I agree with Mark that the time has come for a change. But the piece at Opinion Journal points out some key issues we'll need to think about in this regard.
For these reasons, over the past few years we have been advocating a constitutional amendment that would limit the justices to an 18-year term with one seat opening up every two years. ... In this respect, it would resemble the two-term limit on presidents that went into effect prospectively and which also restored a time-honored tradition of limited government service.
Also of note:
Some have suggested that Congress might have power to limit Supreme Court terms by passage of an ordinary statute. We disagree. The Constitution specifically contemplates a separate office of Supreme Court justices, and it logically implies that that particular office must be held for life. For 216 years, Americans have so understood the constitutional text. We think that practice has thus settled the idea that Supreme Court justices currently serve for life. To change that practice, a constitutional amendment is required.
This would be a huge change to the fabric of our democracy. It should require a constitutional amendment and the length of terms needs to be thought about very carefully. I'm glad to see that this is getting some attention; it's about time.
I'm thinking the cause of it would be better served to the extent it can be thought of also in the more positive context of how the world in general has changed, as opposed to only how the system is producing some poor results due to some individuals, or individual instance of aging.

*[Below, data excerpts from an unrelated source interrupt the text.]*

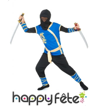 Oui, vous avez bien lu, vous aimez ça, nous aimons vous rendre heureux ! Un ninja est un guerrier espion pouvant réaliser des exploits physiques en combat, également un grand expert en acrobatie. Le déguisement ninja est généralement assimilée à un uniforme noir complété par une cagoule masquant son visage. Suite aux divers rôles au cinéma ainsi que dans les dessins animés, la tenue typique du ninja a évolué. Vous trouverez dans cette partie diverses options de déguisements à adopter pour vivre les aventures fantastiques d'un ninja. Voyez par exemple le kit de déguisement sous licence Tortue Ninja pour enfant, très original, avec lequel votre petit garnement pourra incarner le rôle des 4 tortues grâce aux 4 loups de couleurs différentes offerts avec l'ensemble. Pour nos grands rêveurs, vous allez dénicher des costumes de ninja pour adultes, tous différents en couleur, en forme et en découpe. Un costume de Samouraï est même disponible pour les amateurs ! Et avec tout ceci, dénichez-vous une paire de saï ou un sabre de samouraï. N'ayez crainte, cher guerrier, cette section vous fournira tout ce dont vous avez besoin.
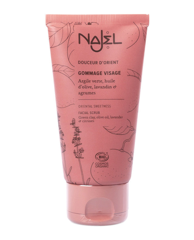 Najel facial scrub gently eliminates impurities from the skin and purifies and nourishes it deep down. The three essential oils of organic hybrid lavender, lemon and grapefruit in the scrub add a pleasant scent of fruit along with the properties of each essential oil:
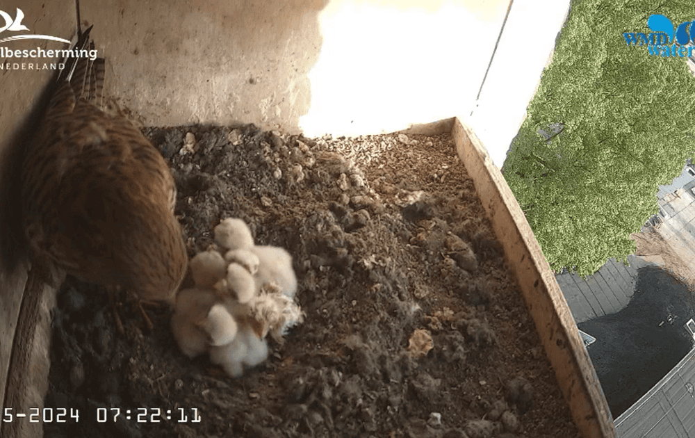 Veilig en warm onder moeder torenvalk en wachten maar op de (vele) prooien die vader komt afleveren.

Everything changes more quickly today as result of technology and more efficient access to information. Advances in science, business, education all come under that umbrella. Consequently, an isolated branch of government just doesn't age, it also can miss more and more as result of being, to some extent, parked by the side of the road in a secure space without worrying about the moving traffic all around.
Man in vacuum tends to be drawn to the theoretical and away from the practical. For simplicity, let's take the case of employment law. The nature of employment, the challenges for American workers as well as American corporations has changed significantly in the past ten years, let alone twenty.
Yet the individuals sitting on the court today, for the most part, have no contextual understanding of the American workplace as it presently exists. Yes, they can read about it - but how truly engaged in it they are is a matter for some speculation. It isn't hard to imagine a group of very scholarly folks winding up basically cut off from the practical realities of employment in America today. So, are they really the best to be the ultimate judge of the laws that should govern in that example? Perhaps not.
I'm for a system that assures the court is more in touch with a fast changing world, whtever that may mean. My concern is that our laws are being judged today by individuals just a bit too far removed from the practical aspects of our lives, and with a tendency to get lost in lofty theoretical constructs that don't always serve us well in the face of everyday reality.
The founders were learned men and great thinkers, but above all else they were also very practical men. I'm not convinced that can be said of today's court.


I would strongly urge anyone making this argument to read the Federalist papers 79-81. Please.